# Data section
---*---
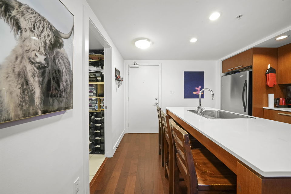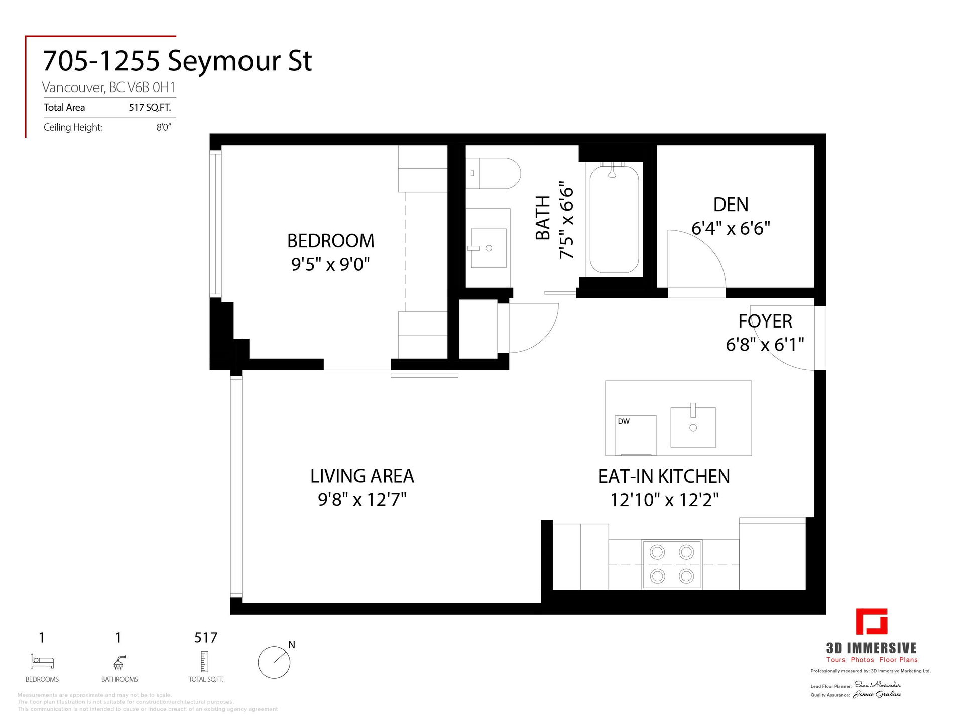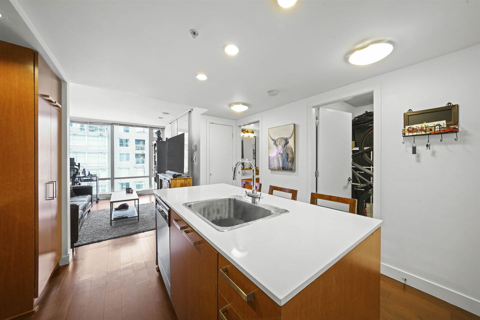 Welcome to Elan on Seymour… This PERFECTLY laid out 517 square foot one-bedroom and den has ZERO wasted space, when you walk into Unit 705 you will be blown away by how large it feels, with a HUGE eat-in island that can comfortably seat up to three people, very spacious living room, and a large den. Unit 705 faces West and boasts so much natural light. The bedroom comes with built in closets and enough space to fit a Queen Bed comfortably. Unit 705 comes with a great parking stall on P1 and a large storage locker. Rentals are allowed. Call your REALTOR and book your Private Showing today! Offers being looked at anytime!
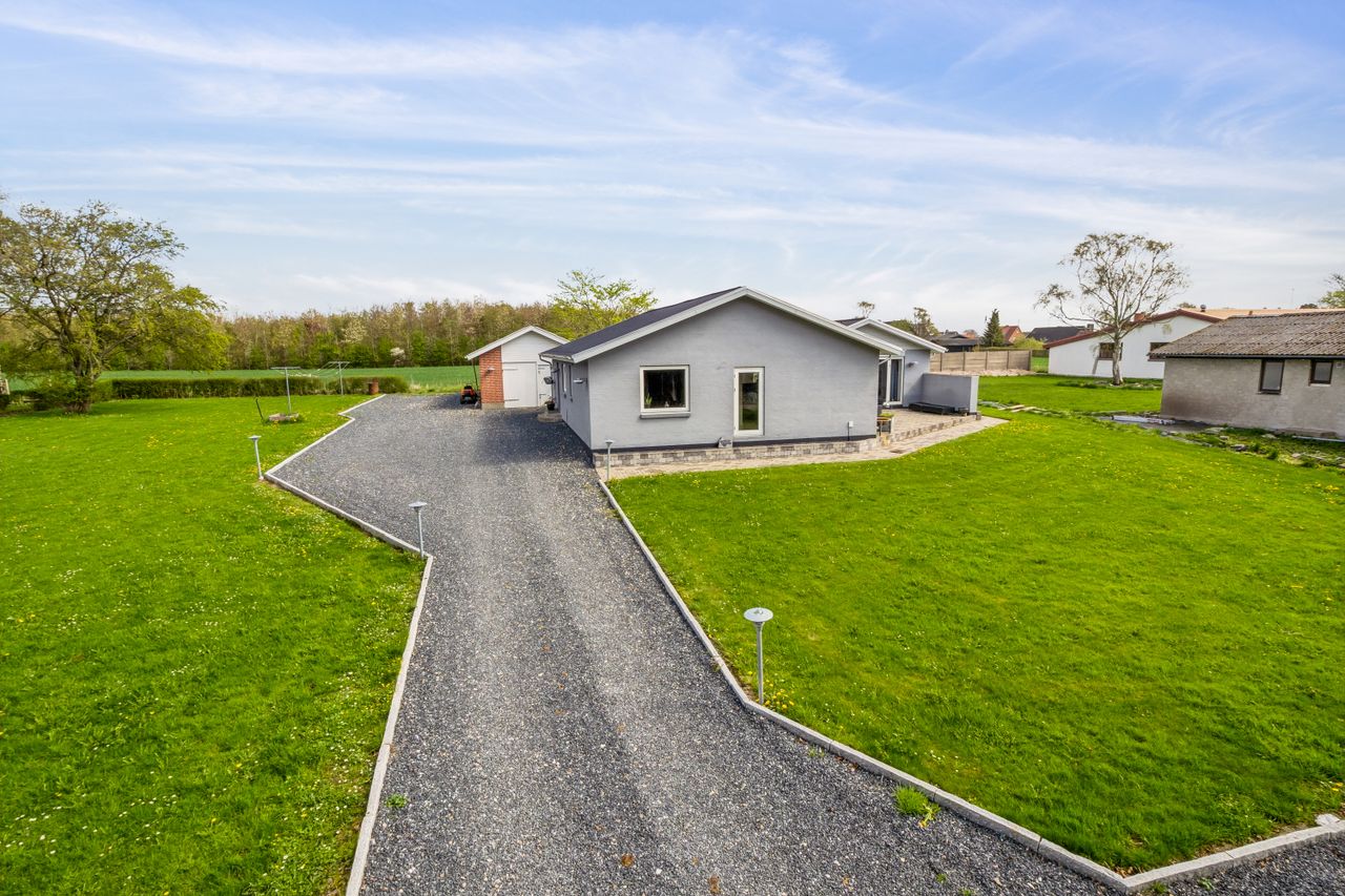 Have med plæne, grusbelagt indkørsel, samt garage.
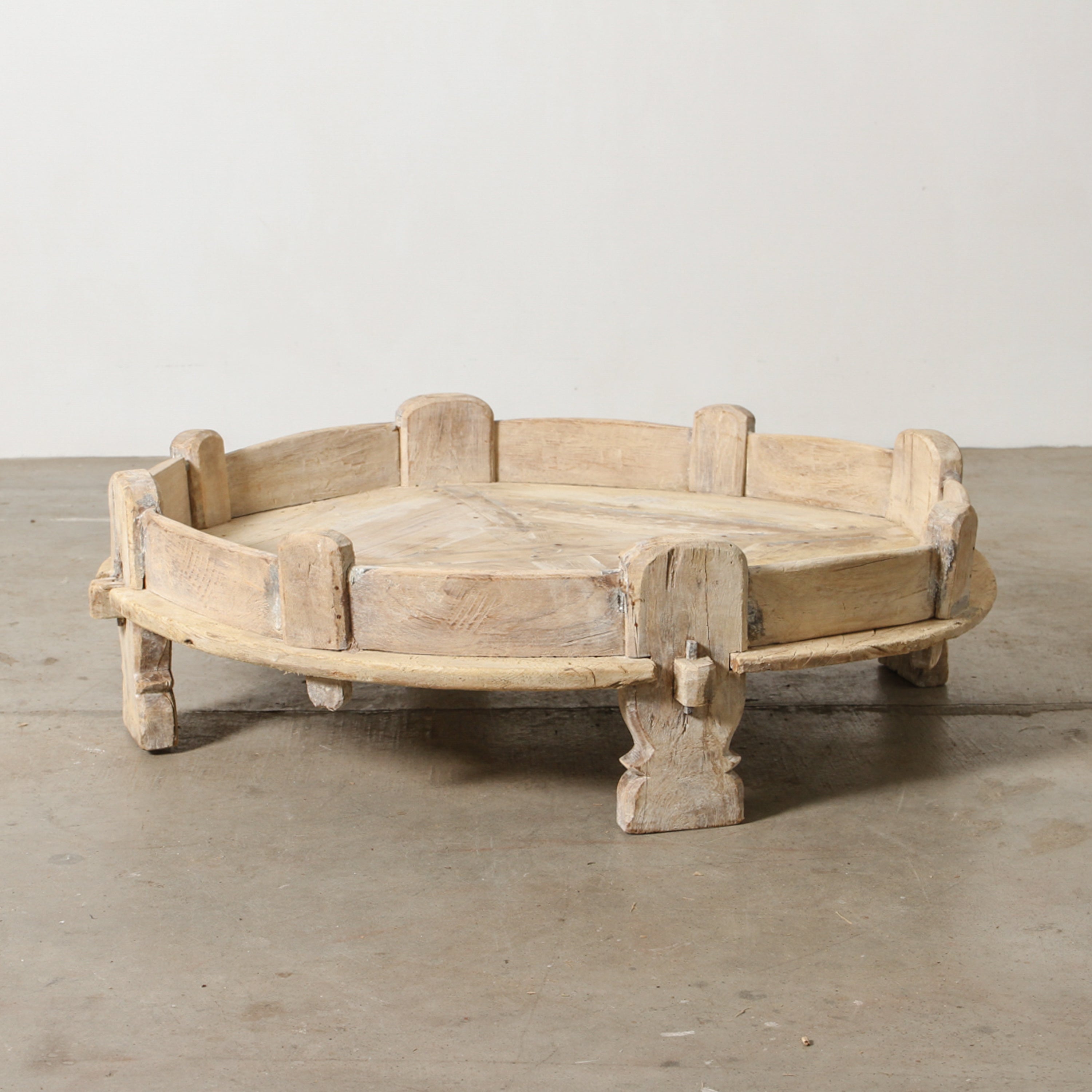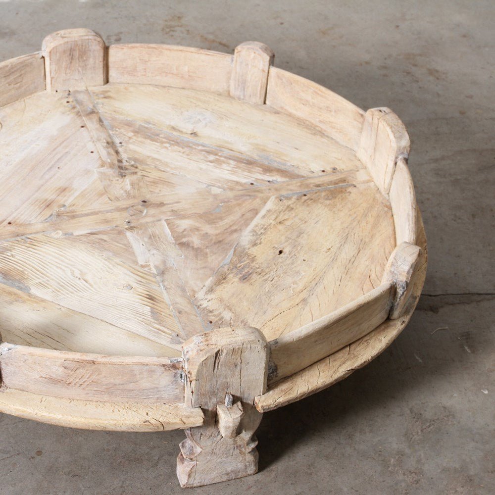Traditional Northern Indian chakki grinder tables are treasures that we return to season after season. They were used in Indian havelis to grind grain into chakki atta flour to make chipati or roti bread for the whole family. Each table is over 60 years old and has been crafted from solid teak that has been intricately hand carved. Sometimes, these tables still have original iron hardware and strapwork intact. The beautiful carvings will differ from one chakki grinder to the next as these items were unique to each household and each family.
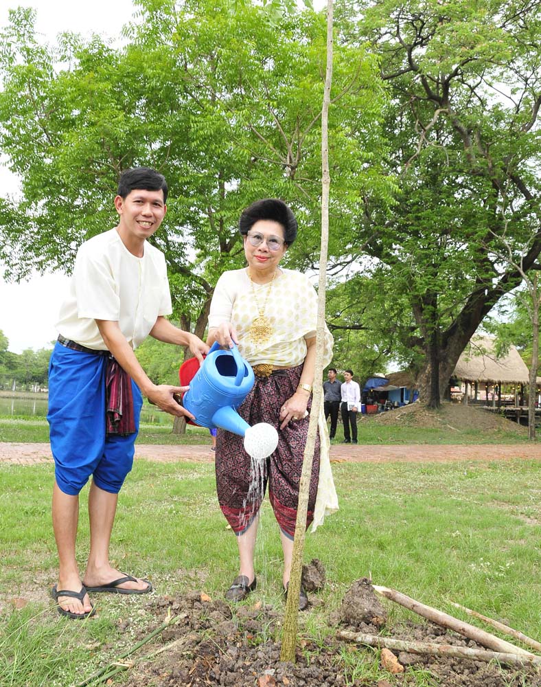 รศ.ดร.วีณา เชิดบุญญชาติ กับ เธียรวิชญ์ ทรัพย์ยุทธ หัวหน้างานบริหารทั่วไป ผู้แทน ผอ.อุทยานประวัติศาสตร์ พระนครศรีอยุธยา ร่วมกันปลูกต้นไม้
---*---
# Work required
Output only the lines from the start of the data through the line that holds "Have med plæne, grusbelagt". Keep them exact and leave the pictures out.

# Exercise result
 Welcome to Elan on Seymour… This PERFECTLY laid out 517 square foot one-bedroom and den has ZERO wasted space, when you walk into Unit 705 you will be blown away by how large it feels, with a HUGE eat-in island that can comfortably seat up to three people, very spacious living room, and a large den. Unit 705 faces West and boasts so much natural light. The bedroom comes with built in closets and enough space to fit a Queen Bed comfortably. Unit 705 comes with a great parking stall on P1 and a large storage locker. Rentals are allowed. Call your REALTOR and book your Private Showing today! Offers being looked at anytime!
 Have med plæne, grusbelagt indkørsel, samt garage.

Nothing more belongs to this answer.